## Data to process
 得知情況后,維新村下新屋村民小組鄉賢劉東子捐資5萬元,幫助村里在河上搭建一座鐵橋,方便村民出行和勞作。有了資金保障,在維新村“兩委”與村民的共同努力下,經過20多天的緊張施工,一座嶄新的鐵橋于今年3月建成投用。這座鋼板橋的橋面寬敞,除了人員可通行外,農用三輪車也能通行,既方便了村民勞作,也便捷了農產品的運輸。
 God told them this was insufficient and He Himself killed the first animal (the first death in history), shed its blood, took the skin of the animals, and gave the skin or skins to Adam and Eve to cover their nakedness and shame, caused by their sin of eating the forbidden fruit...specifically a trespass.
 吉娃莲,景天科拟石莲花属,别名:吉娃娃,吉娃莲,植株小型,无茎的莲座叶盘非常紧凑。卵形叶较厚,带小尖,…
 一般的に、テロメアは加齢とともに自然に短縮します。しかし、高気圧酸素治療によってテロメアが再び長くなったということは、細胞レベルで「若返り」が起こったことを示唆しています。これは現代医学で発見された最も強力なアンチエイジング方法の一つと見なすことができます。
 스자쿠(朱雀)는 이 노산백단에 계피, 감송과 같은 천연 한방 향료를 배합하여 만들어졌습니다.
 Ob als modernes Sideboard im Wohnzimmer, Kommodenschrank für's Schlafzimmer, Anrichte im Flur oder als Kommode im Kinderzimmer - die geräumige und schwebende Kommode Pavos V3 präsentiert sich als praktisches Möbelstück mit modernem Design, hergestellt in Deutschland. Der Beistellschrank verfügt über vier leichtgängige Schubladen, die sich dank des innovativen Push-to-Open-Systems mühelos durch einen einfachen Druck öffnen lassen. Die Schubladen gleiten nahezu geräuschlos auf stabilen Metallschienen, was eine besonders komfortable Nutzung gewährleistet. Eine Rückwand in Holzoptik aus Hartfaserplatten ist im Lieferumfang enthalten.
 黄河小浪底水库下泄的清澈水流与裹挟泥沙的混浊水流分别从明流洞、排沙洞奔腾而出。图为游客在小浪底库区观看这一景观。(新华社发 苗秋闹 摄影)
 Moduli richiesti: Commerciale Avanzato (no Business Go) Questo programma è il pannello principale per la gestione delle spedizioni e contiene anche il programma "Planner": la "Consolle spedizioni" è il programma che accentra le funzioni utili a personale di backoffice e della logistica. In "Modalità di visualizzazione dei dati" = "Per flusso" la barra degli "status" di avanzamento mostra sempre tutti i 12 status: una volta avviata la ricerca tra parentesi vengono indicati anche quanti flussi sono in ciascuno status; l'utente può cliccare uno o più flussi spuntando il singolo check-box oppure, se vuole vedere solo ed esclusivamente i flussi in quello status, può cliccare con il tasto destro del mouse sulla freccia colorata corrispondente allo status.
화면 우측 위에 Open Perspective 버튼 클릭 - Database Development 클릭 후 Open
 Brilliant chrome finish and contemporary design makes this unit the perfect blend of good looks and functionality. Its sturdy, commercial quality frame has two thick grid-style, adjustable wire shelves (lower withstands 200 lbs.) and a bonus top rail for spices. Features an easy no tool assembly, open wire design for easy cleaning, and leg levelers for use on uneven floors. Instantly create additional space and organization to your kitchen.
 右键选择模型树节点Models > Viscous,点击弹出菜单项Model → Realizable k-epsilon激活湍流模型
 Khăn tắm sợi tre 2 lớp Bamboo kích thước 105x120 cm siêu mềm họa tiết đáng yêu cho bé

## Assigned task
Please return the full listing exactly as it appears.

## Output below
 得知情況后,維新村下新屋村民小組鄉賢劉東子捐資5萬元,幫助村里在河上搭建一座鐵橋,方便村民出行和勞作。有了資金保障,在維新村“兩委”與村民的共同努力下,經過20多天的緊張施工,一座嶄新的鐵橋于今年3月建成投用。這座鋼板橋的橋面寬敞,除了人員可通行外,農用三輪車也能通行,既方便了村民勞作,也便捷了農產品的運輸。
 God told them this was insufficient and He Himself killed the first animal (the first death in history), shed its blood, took the skin of the animals, and gave the skin or skins to Adam and Eve to cover their nakedness and shame, caused by their sin of eating the forbidden fruit...specifically a trespass.
 吉娃莲,景天科拟石莲花属,别名:吉娃娃,吉娃莲,植株小型,无茎的莲座叶盘非常紧凑。卵形叶较厚,带小尖,…
 一般的に、テロメアは加齢とともに自然に短縮します。しかし、高気圧酸素治療によってテロメアが再び長くなったということは、細胞レベルで「若返り」が起こったことを示唆しています。これは現代医学で発見された最も強力なアンチエイジング方法の一つと見なすことができます。
 스자쿠(朱雀)는 이 노산백단에 계피, 감송과 같은 천연 한방 향료를 배합하여 만들어졌습니다.
 Ob als modernes Sideboard im Wohnzimmer, Kommodenschrank für's Schlafzimmer, Anrichte im Flur oder als Kommode im Kinderzimmer - die geräumige und schwebende Kommode Pavos V3 präsentiert sich als praktisches Möbelstück mit modernem Design, hergestellt in Deutschland. Der Beistellschrank verfügt über vier leichtgängige Schubladen, die sich dank des innovativen Push-to-Open-Systems mühelos durch einen einfachen Druck öffnen lassen. Die Schubladen gleiten nahezu geräuschlos auf stabilen Metallschienen, was eine besonders komfortable Nutzung gewährleistet. Eine Rückwand in Holzoptik aus Hartfaserplatten ist im Lieferumfang enthalten.
 黄河小浪底水库下泄的清澈水流与裹挟泥沙的混浊水流分别从明流洞、排沙洞奔腾而出。图为游客在小浪底库区观看这一景观。(新华社发 苗秋闹 摄影)
 Moduli richiesti: Commerciale Avanzato (no Business Go) Questo programma è il pannello principale per la gestione delle spedizioni e contiene anche il programma "Planner": la "Consolle spedizioni" è il programma che accentra le funzioni utili a personale di backoffice e della logistica. In "Modalità di visualizzazione dei dati" = "Per flusso" la barra degli "status" di avanzamento mostra sempre tutti i 12 status: una volta avviata la ricerca tra parentesi vengono indicati anche quanti flussi sono in ciascuno status; l'utente può cliccare uno o più flussi spuntando il singolo check-box oppure, se vuole vedere solo ed esclusivamente i flussi in quello status, può cliccare con il tasto destro del mouse sulla freccia colorata corrispondente allo status.
화면 우측 위에 Open Perspective 버튼 클릭 - Database Development 클릭 후 Open
 Brilliant chrome finish and contemporary design makes this unit the perfect blend of good looks and functionality. Its sturdy, commercial quality frame has two thick grid-style, adjustable wire shelves (lower withstands 200 lbs.) and a bonus top rail for spices. Features an easy no tool assembly, open wire design for easy cleaning, and leg levelers for use on uneven floors. Instantly create additional space and organization to your kitchen.
 右键选择模型树节点Models > Viscous,点击弹出菜单项Model → Realizable k-epsilon激活湍流模型
 Khăn tắm sợi tre 2 lớp Bamboo kích thước 105x120 cm siêu mềm họa tiết đáng yêu cho bé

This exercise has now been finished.